If a record holds a picture, leave the picture out and restate everything else word for word.

··········

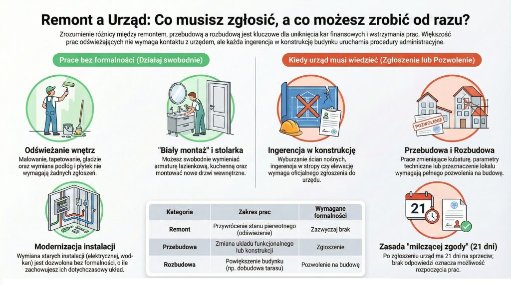 Dlaczego to takie ważne? Bo remont często przeprowadzisz bez formalności, ale przebudowa i rozbudowa prawie zawsze uruchamiają procedury urzędowe.
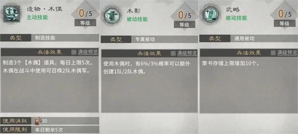第一行:主动技能制造木偶,用于卡位战术,推荐点满;被动技能【木影】概率较低,不推荐;被动技能【武略】提升策书上限,建议优先点满。
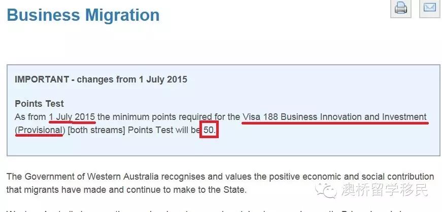 西澳的投资移民受邀分数将于2015年7月1日爆降至50分,以下是西澳官网消息截图:
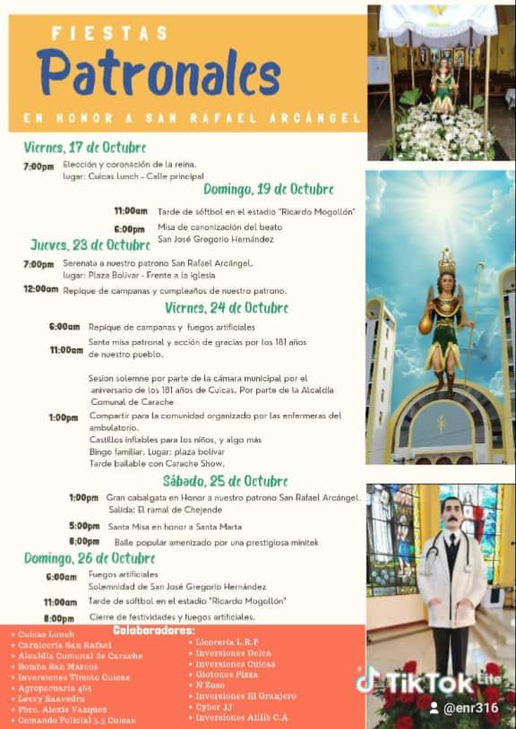 La importante población de Cuicas, en el municipio Carache, ya se encuentra preparada y lista para celebrar sus «Fiestas Patronales en Honor a San Rafael Arcángel». El Comité Organizador de estas festividades se puso en contacto con este medio digital para hacer pública la extensa programación que tienen preparada para los locales y visitantes que deseen disfrutar de estos días.
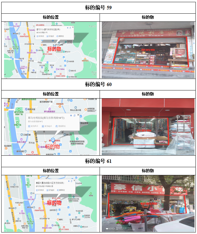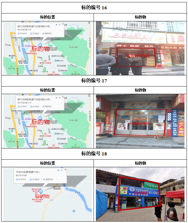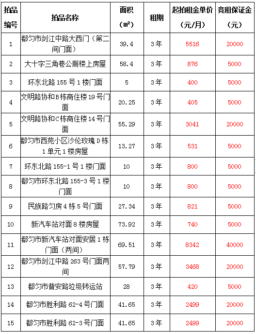 1、都勻市劍江中路、環(huán)東北路、文明路、民族路、勝利路、會(huì)云橋、育英巷等62處門面3年租賃權(quán),面積約5㎡-137.74㎡;
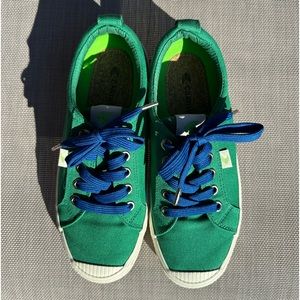 Cariuma green canvas sneakers in a size 6. Added blue laces. Great condition!
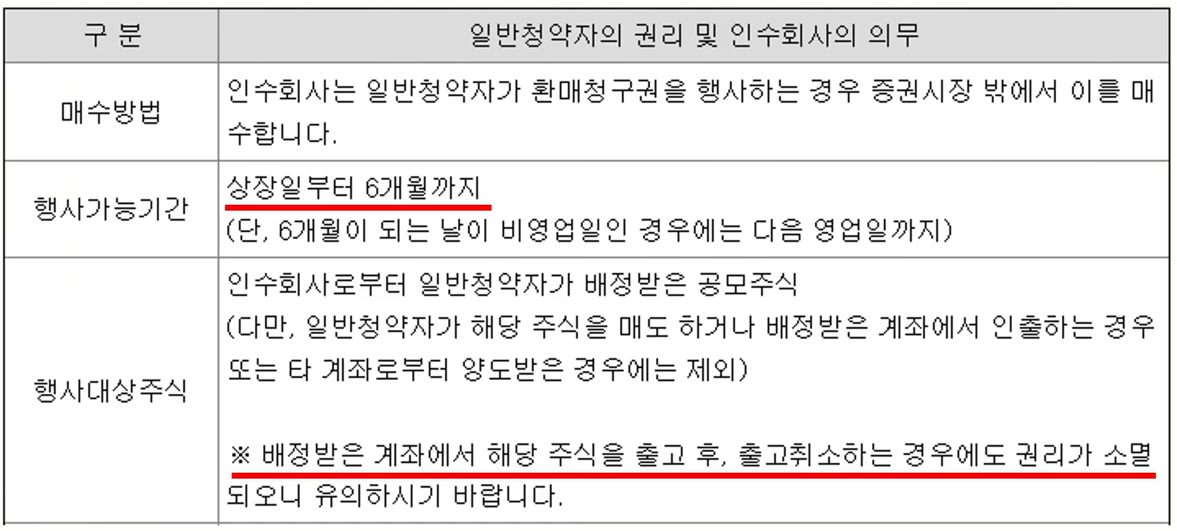 와이랩은 6개월 환매청구권이 부여가 되어 있습니다. 환매청구권은 쓸 일이 없을 것 같지만 그래도 혹시나 권리를 사용해야 하는 상황이 올 수도 있으니 주의 바랍니다.

··········

# [Answer box]
 Dlaczego to takie ważne? Bo remont często przeprowadzisz bez formalności, ale przebudowa i rozbudowa prawie zawsze uruchamiają procedury urzędowe.
第一行:主动技能制造木偶,用于卡位战术,推荐点满;被动技能【木影】概率较低,不推荐;被动技能【武略】提升策书上限,建议优先点满。
 西澳的投资移民受邀分数将于2015年7月1日爆降至50分,以下是西澳官网消息截图:
 La importante población de Cuicas, en el municipio Carache, ya se encuentra preparada y lista para celebrar sus «Fiestas Patronales en Honor a San Rafael Arcángel». El Comité Organizador de estas festividades se puso en contacto con este medio digital para hacer pública la extensa programación que tienen preparada para los locales y visitantes que deseen disfrutar de estos días.
 1、都勻市劍江中路、環(huán)東北路、文明路、民族路、勝利路、會(huì)云橋、育英巷等62處門面3年租賃權(quán),面積約5㎡-137.74㎡;
 Cariuma green canvas sneakers in a size 6. Added blue laces. Great condition!
 와이랩은 6개월 환매청구권이 부여가 되어 있습니다. 환매청구권은 쓸 일이 없을 것 같지만 그래도 혹시나 권리를 사용해야 하는 상황이 올 수도 있으니 주의 바랍니다.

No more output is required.